Rückblickend stellt EBM Dr. Lang fest, die Jahre 1997 bis 2000 seien gute Jahre gewesen und hätten Zuführungsraten von 300 Mio. DM und mehr beschert. Trotz Senkung der Hebesätze bei der Gewerbesteuer und bei der Grundsteuer habe in diesem Zeitraum der Schuldenbetrag um ca. 600 Mio.
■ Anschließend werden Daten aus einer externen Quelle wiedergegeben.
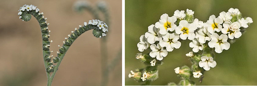 La inflorescencia se compone por unas diminutas flores, blancas o violáceas, agrupadas densamente en las cimas escorpiodeas. Florece desde junio hasta octubre.
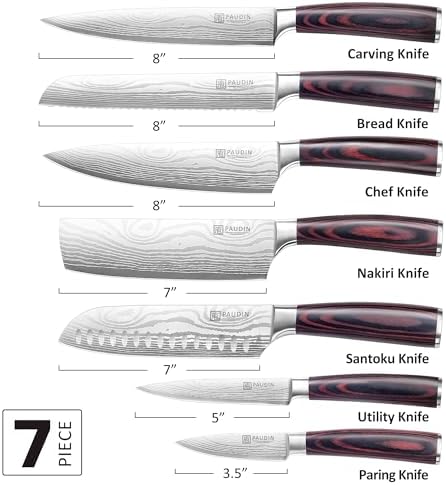 7-piece set includes 8″ chef knife, 8″ bread knife, 7″ santoku, 7″ nakiri, 8″ carving knife, 5″ utility knife, 3.5″ paring knife
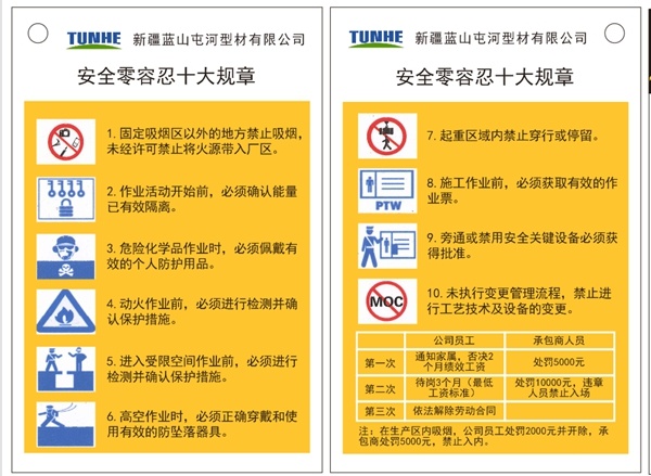 “零容忍”理论依据是1982年美国政治学家詹姆斯威尔逊和犯罪学家乔治凯琳提出的“破窗理论”,即:如果那些损坏的窗户不被修理好,可能将会有破坏者破坏更多的窗户。最终他们甚至会闯入建筑内,如果发现无人居住,也许就在那里定居或者纵火。打击“零容忍”行为,正是一种有效合理的修补“破窗”的策略。“零容忍”就是不能容忍,禁令就是不能违反,是增强自我安全意识和自我保护的主动性,努力实现安全生产,保障员工生命安全的关键条款,是全体员工必须遵守的保命条款。不仅要强化安全文化建设,提升全员安全素质,更要把安全生产“零容忍”十大规章的理念、宗旨在实践过程中升华、扩散、渗透,为全体员工所认识、认知、认同、接受,并化为全体员工遵章守法、按章作业的自觉行动,使安全文化内化于心,外化于行。
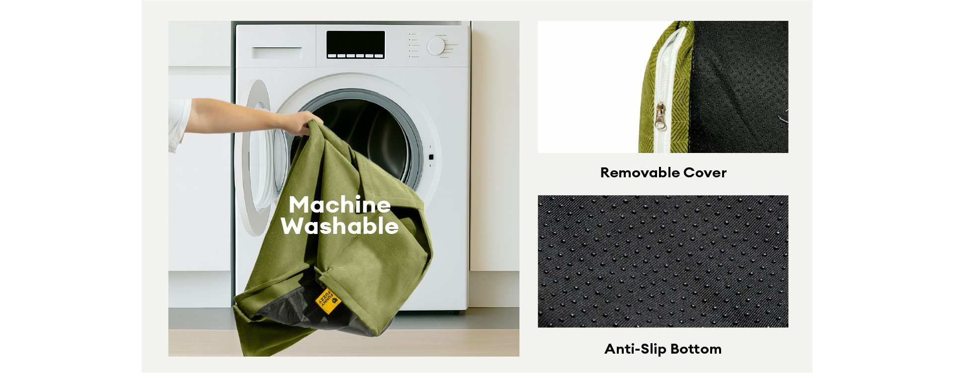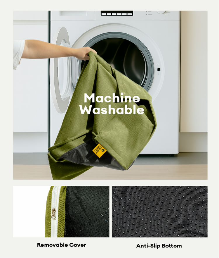 Anti-Slip Base & Removable Cover: The bottom is lined with anti-slip material for added safety, and the zip-off cover is machine-washable—making cleanup quick and stress-free.
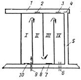 Четырехкоридорный аэротенк может работать с отдельной регенерацией ила и без нее. Если аэротенк работает без отдельной регенерации, то сточная вода из первичных отстойников поступает в распределительный канал 1 перед аэротенками, затем при открытом шибере на водосливе 2 проходит через аэротенк и по каналу 5 – в распределительный канал 8 за аэротенками, после чего подается через водослив или затопленное отверстие 10 в коридор I. Возвратный ил из вторичных отстойников подается в коридор I по трубопроводу. Иловая смесь, пройдя последовательно коридоры I, II, III и IV, дюкером отводится во вторичные отстойники.
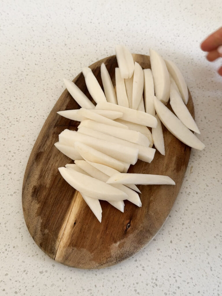 Épluchez le radis et coupez-le en bâtonnets.
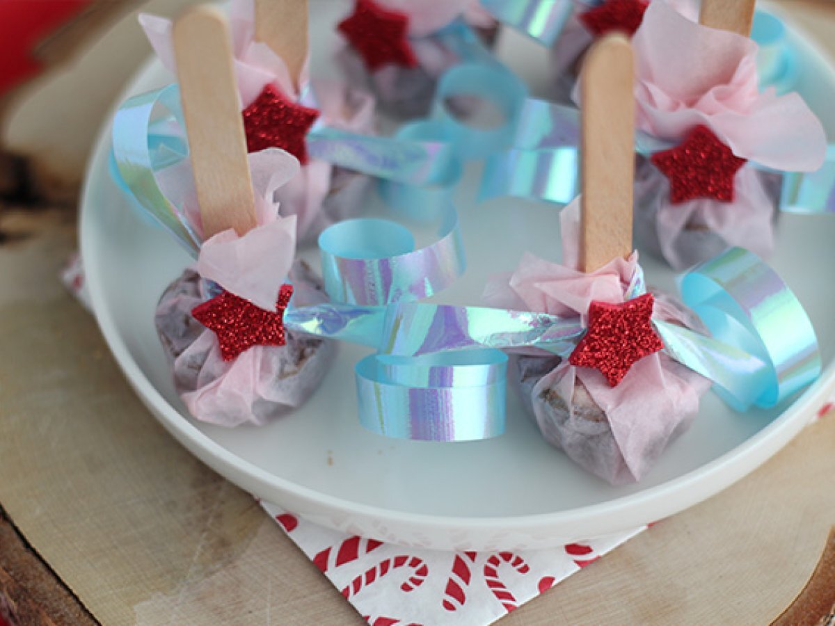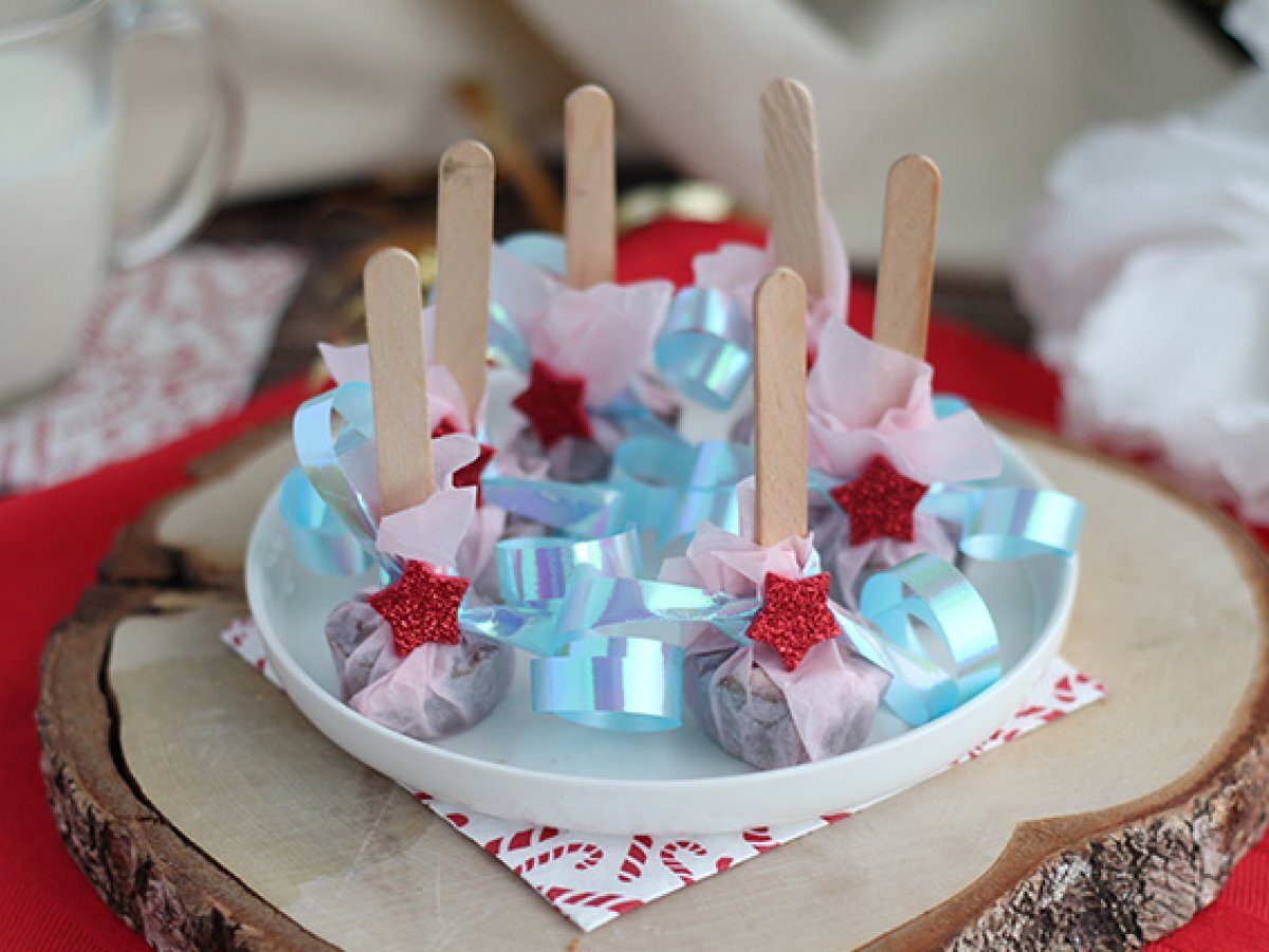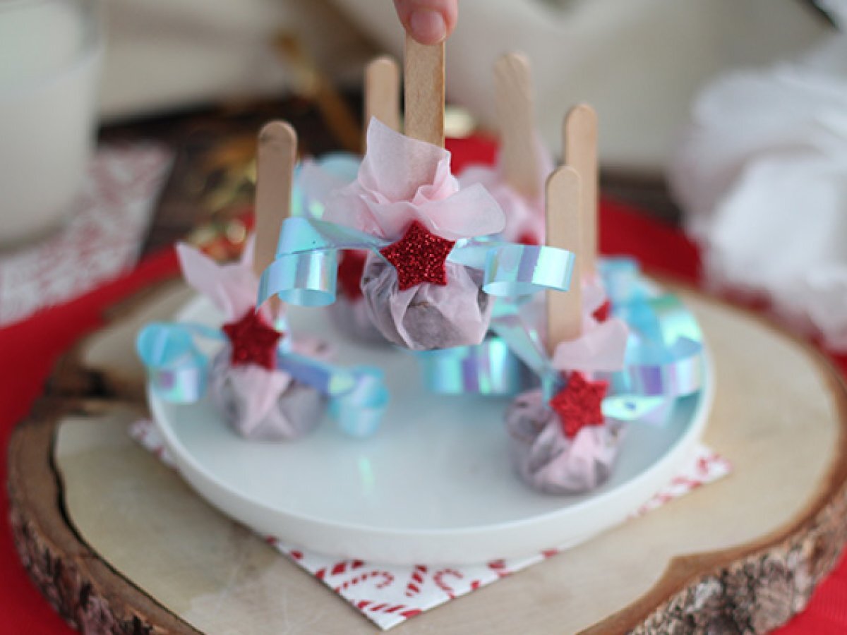 Die Pralinen aus der Form lösen und auf Krepppapierquadrate legen. Das Papier um das Stäbchen falten und mit einem Bolduc verschließen. Das Bolduc mit einer Schere schlingen und einen Sticker auf den Knoten kleben.

DM abgebaut werden können. Gleichzeitig sei es möglich gewesen, viele neue Investitionen - gerade auch für die Stadtbezirke - zu beschließen und deren Verwirklichung auf den Weg zu bringen. Dies habe bei Gemeinderat und Verwaltung und wahrscheinlich auch in der Bürgerschaft den Eindruck erweckt, es handle sich für einen längeren Zeitraum um den Normalzustand und gehe jetzt letztlich nur darum, ständig neue Wünsche zu artikulieren und Forderungen zu erheben. Der 'Schuss vor den Bug', dass der Haushaltsplan 2001 nur noch eine Zuführungsrate von 113 Mio. DM ausweise, sei nicht ernst genommen und lediglich als 'kleine Delle' in der Aufwärtsentwicklung angesehen worden, zumal die Konjunktur und die Wirtschaftsdaten bei der Haushaltsaufstellung noch absolut auf Aufschwung ausgerichtet gewesen seien.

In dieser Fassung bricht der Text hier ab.